Friday, May 20, 2011

The Two Current Economic Issues

After reading a large amount of data, there appear to be two economic issues domestically that are indicators of the slowdown.

1.) Manufacturing. We're seeing one month slowdown readings from a variety of regional Fed indexes. We've seen weaker readings from Dallas, Richmond and Kansas City. This month, we've seen drops in Philadelphia and New York's readings. These readings are confirmed by the latest industrial production number from the Federal Reserve, which took a big hit from auto production decreases caused by Japan's earthquake.

2.) Initial unemployment claims: these spiked to very uncomfortable levels over the last few weeks, but have since dropped back to just over 400,000. We've heard continually that the increase was caused by one-time, seasonal factors. The latest drop adds some credibility to these thesis, but we're still not out of the woods.

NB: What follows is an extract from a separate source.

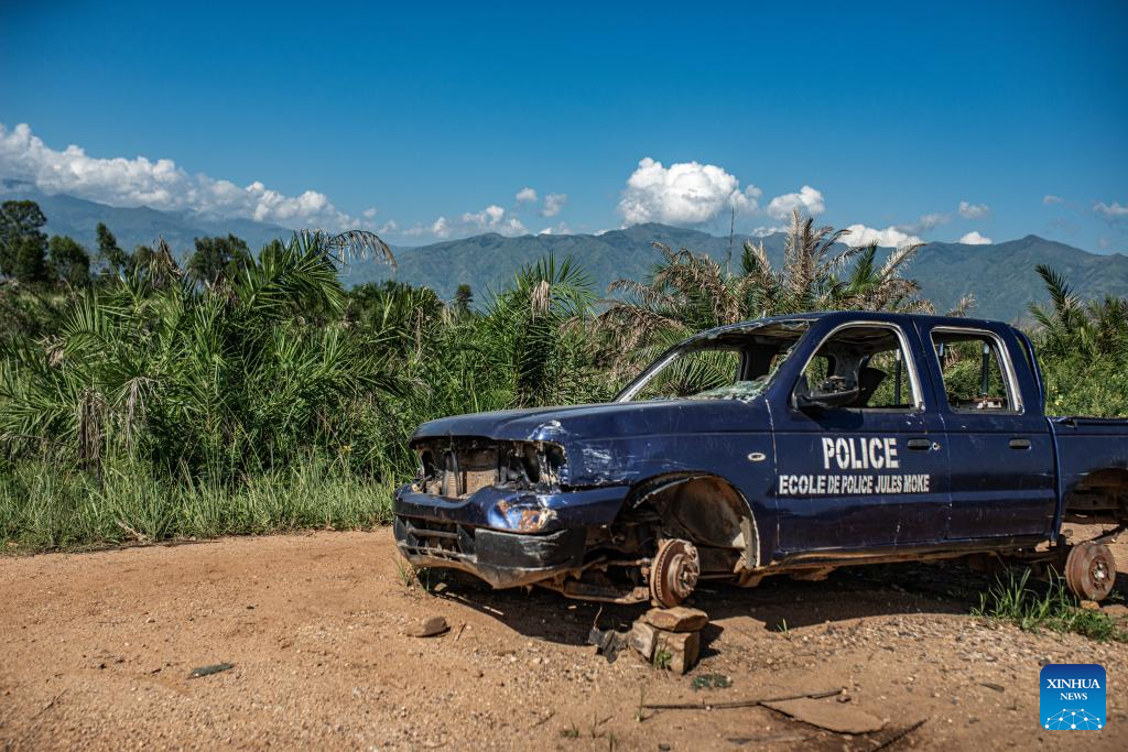An abandoned police vehicle is pictured near Uvira, a city in South Kivu Province in the eastern Democratic Republic of the Congo (DRC), on Dec. 14, 2025.

I mention these points, because the latest leading indicators dropped by .3, with the drop caused by lower readings from a majority of the sectors.

Right now the incoming date continues to be mixed; the caution flag is still waving.

2 comments:

Jimdotz said...

In a comment here on March 14th, I wrote:

"Seeing as how I'm usually the one around here to be harping qualitatively on the risk of shocks, let me add this: If the global economy should weather this recent storm of insults successfully, I will finally come to trust in the resilience of the recovery, but I think it'll be three to six months before I come to that conclusion."

Well, it's only been two months so far, and while I'm willing to wait another one to four months before coming to a firm conclusion about "the resilience of the recovery", I have to say that with the latest round of data, I'm starting to lean against it.

P.S. If you haven't seen me around here much in the last month-and-a-half, it's because I've been busy with the chaos of a move from Long Island to beautiful Prescott, Arizona. You may recall me saying that I'd let you know when new hiring was about to pick up because my wife's childcare business would be a leading indicator. Well, let's just say that after two years of trying to survive on expensive Long Island with virtually no new business, we finally had to pack it in and move to less costly environs. We always said we'd retire here to Prescott (highly recommended for that BTW!) so we really just came here a couple of decades early!

Anonymous said...

The "good" news about the weaker manufacturing data is, it does seem to center on supply disruption relating to the Japan earthquake. I say good, because that will likely sort itself out, and the issue isnt something more structural.